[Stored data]
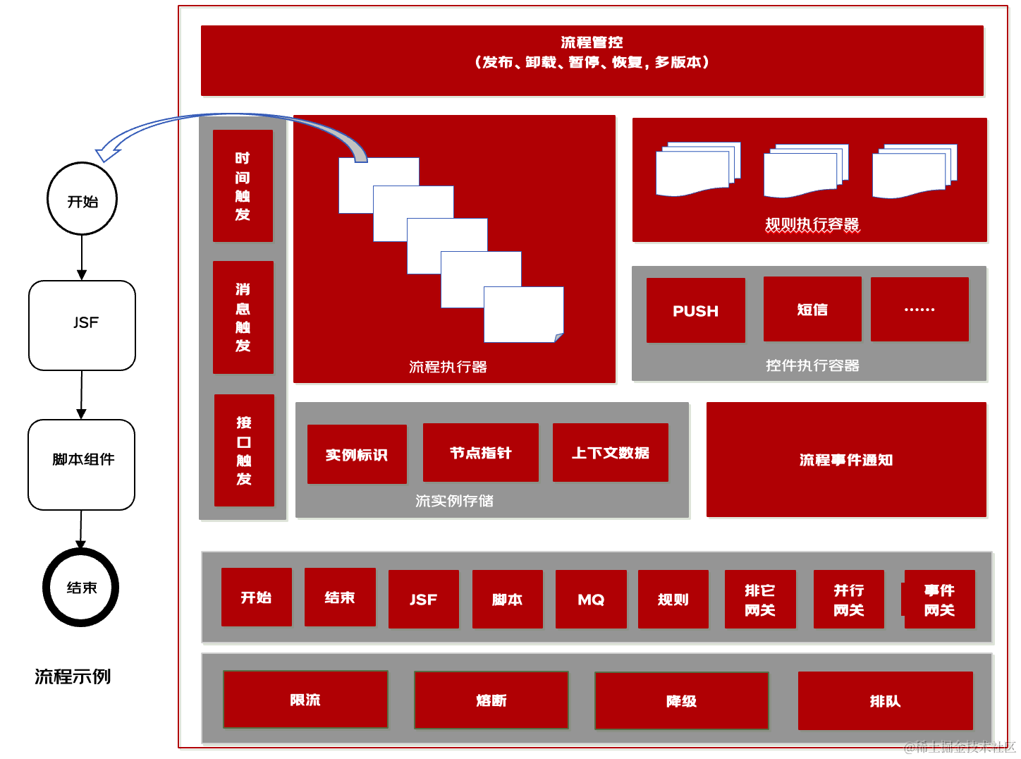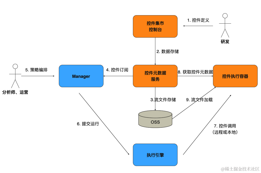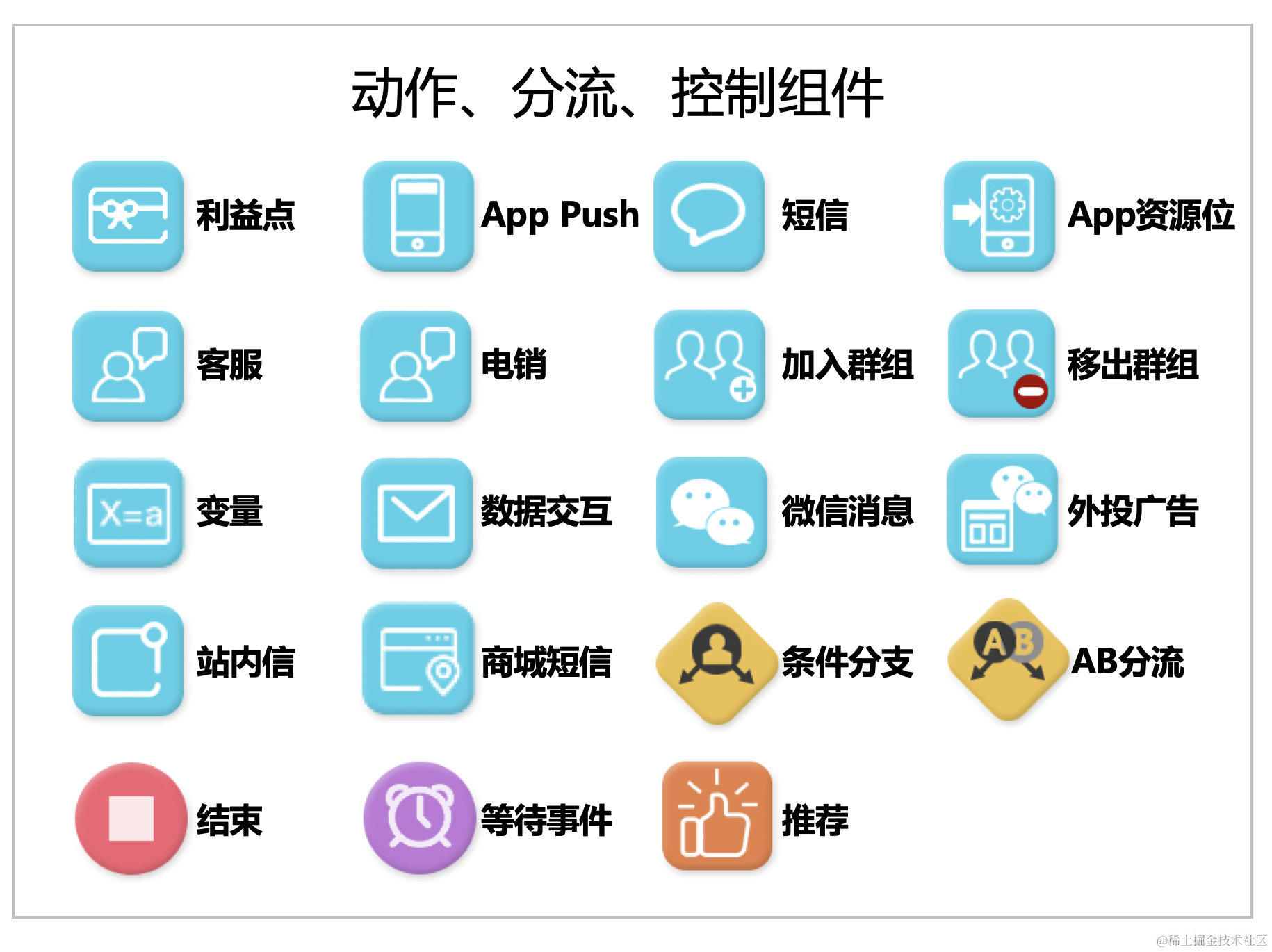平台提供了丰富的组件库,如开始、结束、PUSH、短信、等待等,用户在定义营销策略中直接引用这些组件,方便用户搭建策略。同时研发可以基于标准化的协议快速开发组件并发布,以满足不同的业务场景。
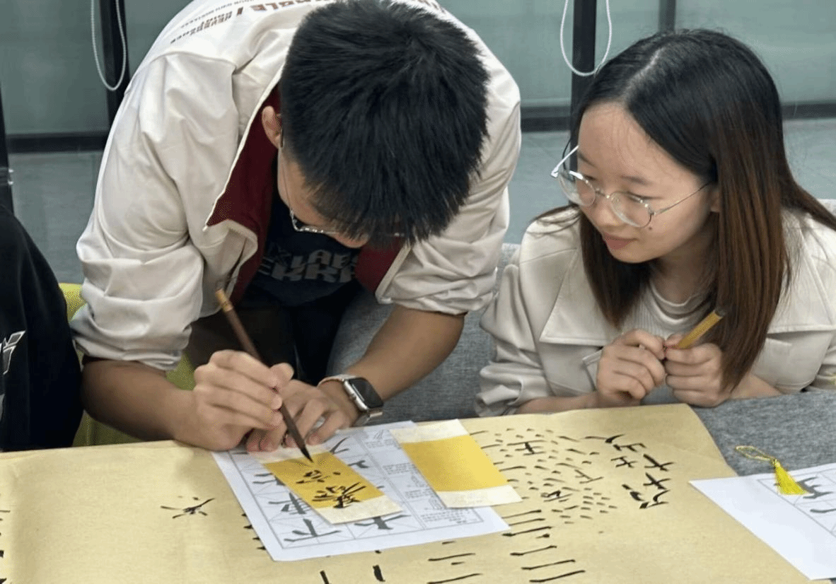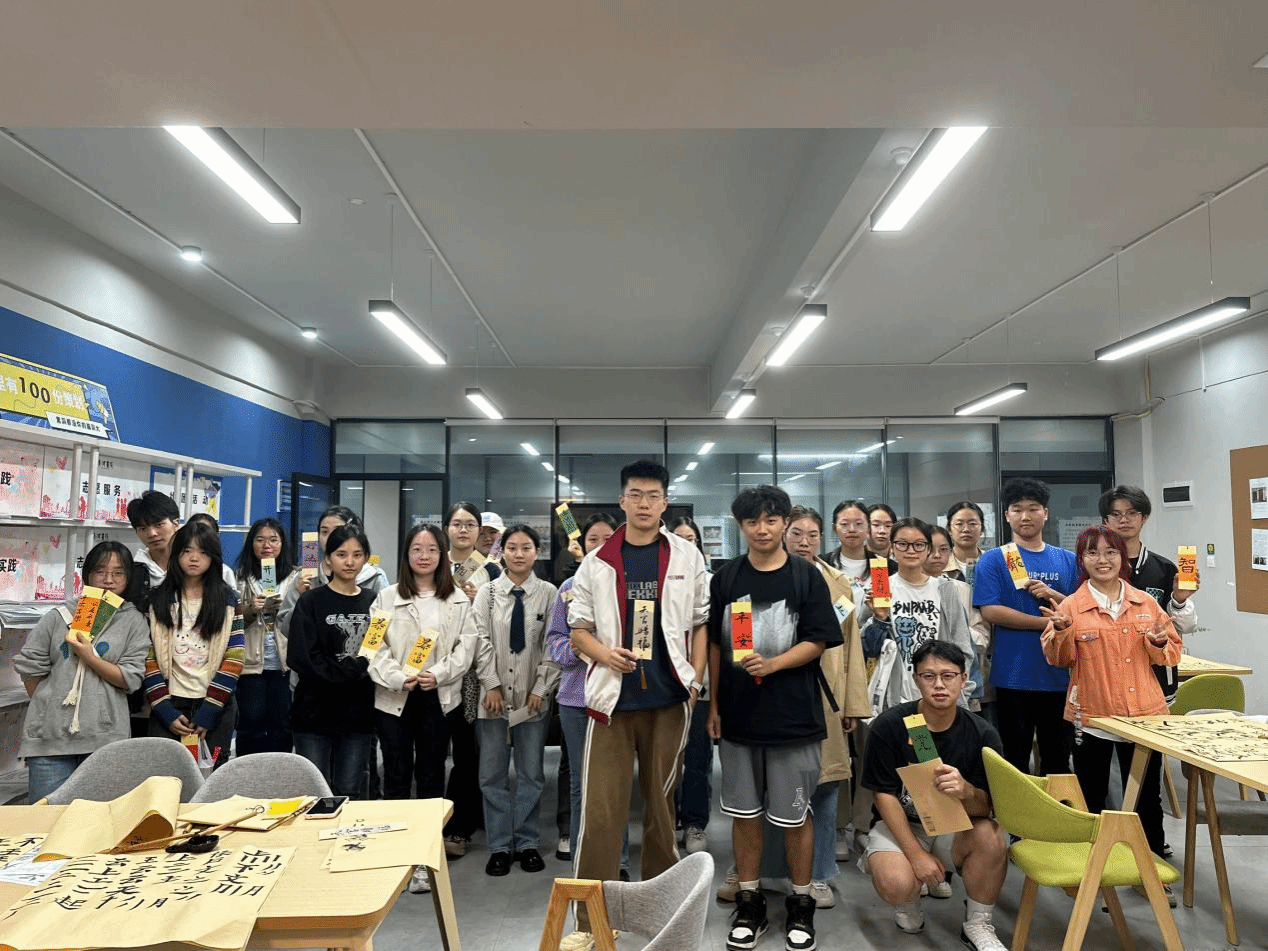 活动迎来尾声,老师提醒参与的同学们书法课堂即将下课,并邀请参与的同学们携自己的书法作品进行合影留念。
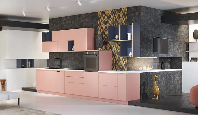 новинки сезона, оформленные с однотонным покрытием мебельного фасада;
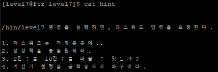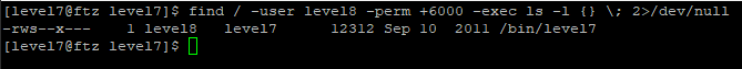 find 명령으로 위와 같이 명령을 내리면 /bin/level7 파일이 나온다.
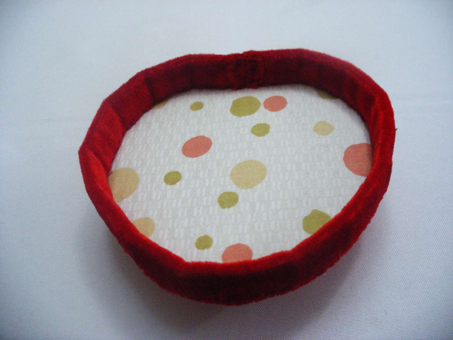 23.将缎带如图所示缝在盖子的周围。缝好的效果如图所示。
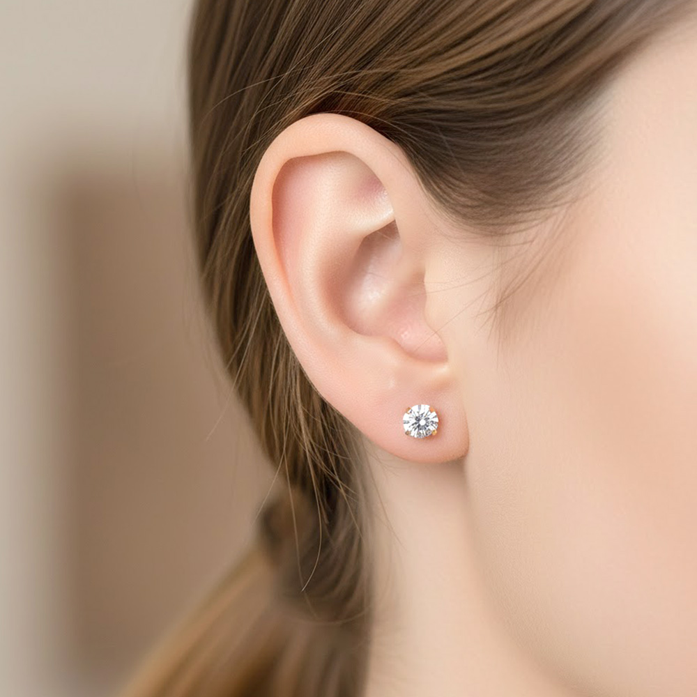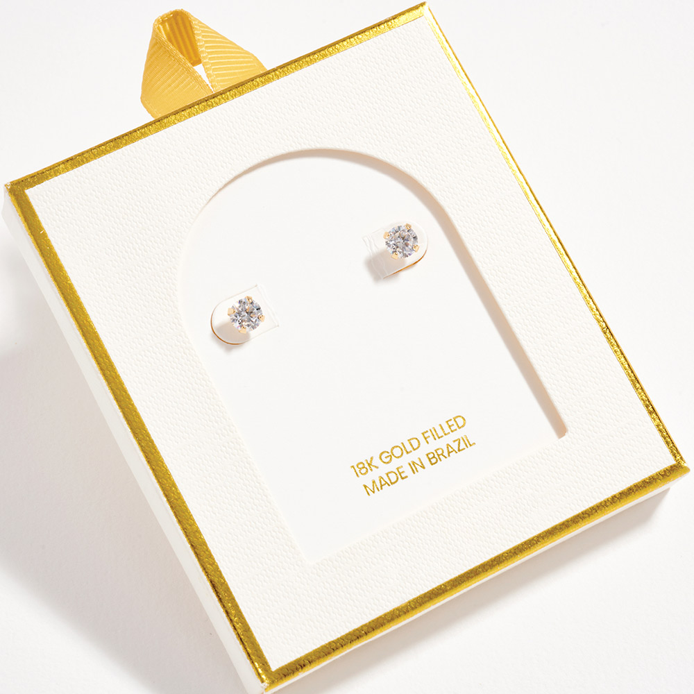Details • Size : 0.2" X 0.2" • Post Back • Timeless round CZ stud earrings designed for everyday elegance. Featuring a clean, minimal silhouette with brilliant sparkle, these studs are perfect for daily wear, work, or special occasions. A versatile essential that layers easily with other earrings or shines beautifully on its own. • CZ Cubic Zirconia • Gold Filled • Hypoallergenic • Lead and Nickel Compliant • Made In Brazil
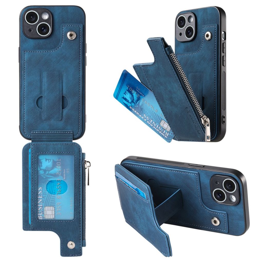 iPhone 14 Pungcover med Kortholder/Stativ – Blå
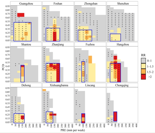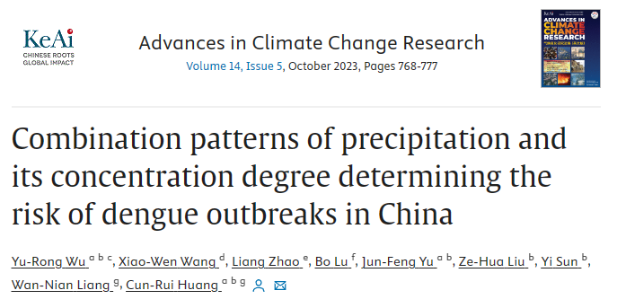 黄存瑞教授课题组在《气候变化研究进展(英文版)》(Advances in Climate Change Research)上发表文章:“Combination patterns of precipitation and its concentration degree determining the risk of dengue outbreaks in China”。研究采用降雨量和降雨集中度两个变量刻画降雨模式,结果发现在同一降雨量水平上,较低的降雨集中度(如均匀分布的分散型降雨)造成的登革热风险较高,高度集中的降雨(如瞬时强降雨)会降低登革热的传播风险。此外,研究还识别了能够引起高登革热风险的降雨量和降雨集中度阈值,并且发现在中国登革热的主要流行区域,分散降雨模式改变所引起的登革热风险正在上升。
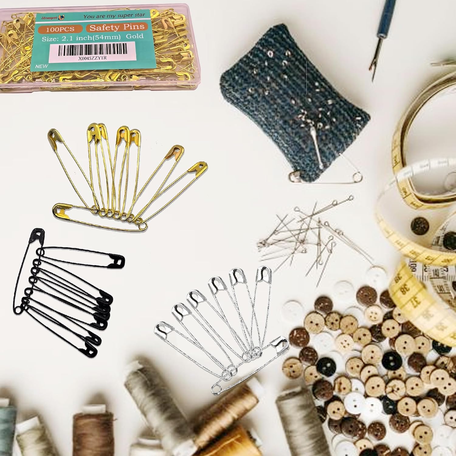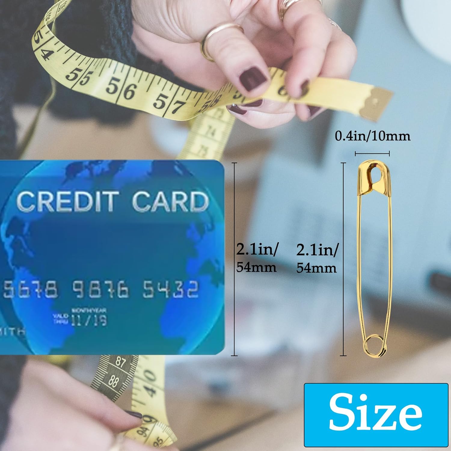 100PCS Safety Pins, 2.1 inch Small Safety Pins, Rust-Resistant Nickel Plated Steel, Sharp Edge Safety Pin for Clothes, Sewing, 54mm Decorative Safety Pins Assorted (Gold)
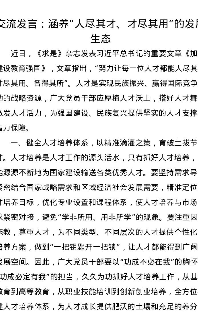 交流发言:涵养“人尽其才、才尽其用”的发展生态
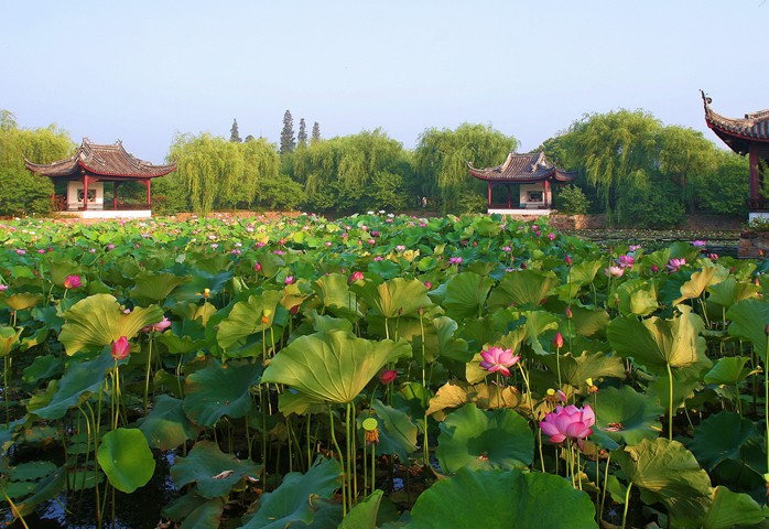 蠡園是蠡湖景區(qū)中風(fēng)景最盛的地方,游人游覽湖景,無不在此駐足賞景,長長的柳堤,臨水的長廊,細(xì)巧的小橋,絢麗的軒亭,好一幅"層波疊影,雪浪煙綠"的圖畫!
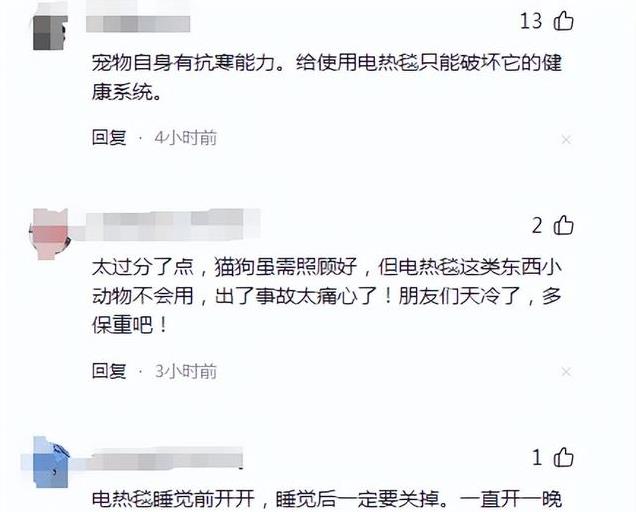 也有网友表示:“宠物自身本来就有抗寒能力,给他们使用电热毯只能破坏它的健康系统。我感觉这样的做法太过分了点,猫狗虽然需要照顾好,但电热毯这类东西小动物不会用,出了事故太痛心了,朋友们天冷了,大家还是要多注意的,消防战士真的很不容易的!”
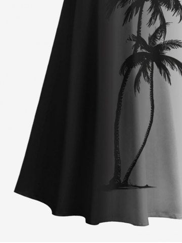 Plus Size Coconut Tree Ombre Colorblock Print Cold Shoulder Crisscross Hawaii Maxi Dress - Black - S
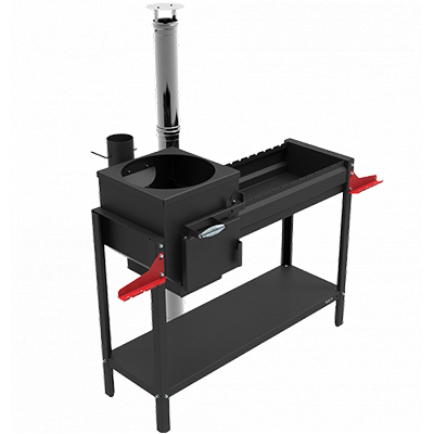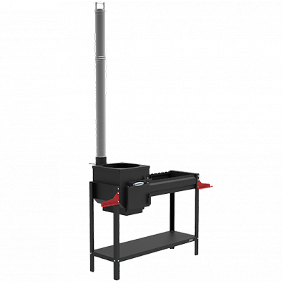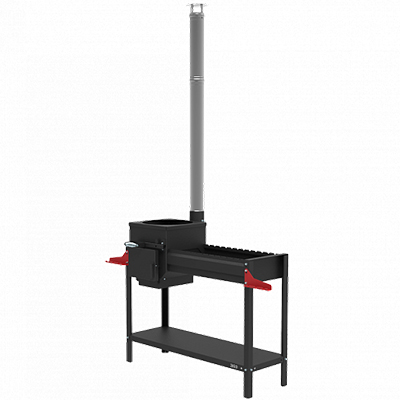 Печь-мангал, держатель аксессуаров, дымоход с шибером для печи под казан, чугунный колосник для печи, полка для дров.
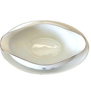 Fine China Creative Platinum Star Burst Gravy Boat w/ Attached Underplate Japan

__WHAT THIS TASK INVOLVES__
Return a verbatim transcription of the data, omitting all images.

__FINAL ANSWER__
平台提供了丰富的组件库,如开始、结束、PUSH、短信、等待等,用户在定义营销策略中直接引用这些组件,方便用户搭建策略。同时研发可以基于标准化的协议快速开发组件并发布,以满足不同的业务场景。
 活动迎来尾声,老师提醒参与的同学们书法课堂即将下课,并邀请参与的同学们携自己的书法作品进行合影留念。
 новинки сезона, оформленные с однотонным покрытием мебельного фасада;
 find 명령으로 위와 같이 명령을 내리면 /bin/level7 파일이 나온다.
 23.将缎带如图所示缝在盖子的周围。缝好的效果如图所示。
Details • Size : 0.2" X 0.2" • Post Back • Timeless round CZ stud earrings designed for everyday elegance. Featuring a clean, minimal silhouette with brilliant sparkle, these studs are perfect for daily wear, work, or special occasions. A versatile essential that layers easily with other earrings or shines beautifully on its own. • CZ Cubic Zirconia • Gold Filled • Hypoallergenic • Lead and Nickel Compliant • Made In Brazil
 iPhone 14 Pungcover med Kortholder/Stativ – Blå
 黄存瑞教授课题组在《气候变化研究进展(英文版)》(Advances in Climate Change Research)上发表文章:“Combination patterns of precipitation and its concentration degree determining the risk of dengue outbreaks in China”。研究采用降雨量和降雨集中度两个变量刻画降雨模式,结果发现在同一降雨量水平上,较低的降雨集中度(如均匀分布的分散型降雨)造成的登革热风险较高,高度集中的降雨(如瞬时强降雨)会降低登革热的传播风险。此外,研究还识别了能够引起高登革热风险的降雨量和降雨集中度阈值,并且发现在中国登革热的主要流行区域,分散降雨模式改变所引起的登革热风险正在上升。
 100PCS Safety Pins, 2.1 inch Small Safety Pins, Rust-Resistant Nickel Plated Steel, Sharp Edge Safety Pin for Clothes, Sewing, 54mm Decorative Safety Pins Assorted (Gold)
 交流发言:涵养“人尽其才、才尽其用”的发展生态
 蠡園是蠡湖景區(qū)中風(fēng)景最盛的地方,游人游覽湖景,無不在此駐足賞景,長長的柳堤,臨水的長廊,細(xì)巧的小橋,絢麗的軒亭,好一幅"層波疊影,雪浪煙綠"的圖畫!
 也有网友表示:“宠物自身本来就有抗寒能力,给他们使用电热毯只能破坏它的健康系统。我感觉这样的做法太过分了点,猫狗虽然需要照顾好,但电热毯这类东西小动物不会用,出了事故太痛心了,朋友们天冷了,大家还是要多注意的,消防战士真的很不容易的!”
 Plus Size Coconut Tree Ombre Colorblock Print Cold Shoulder Crisscross Hawaii Maxi Dress - Black - S
 Печь-мангал, держатель аксессуаров, дымоход с шибером для печи под казан, чугунный колосник для печи, полка для дров.
 Fine China Creative Platinum Star Burst Gravy Boat w/ Attached Underplate Japan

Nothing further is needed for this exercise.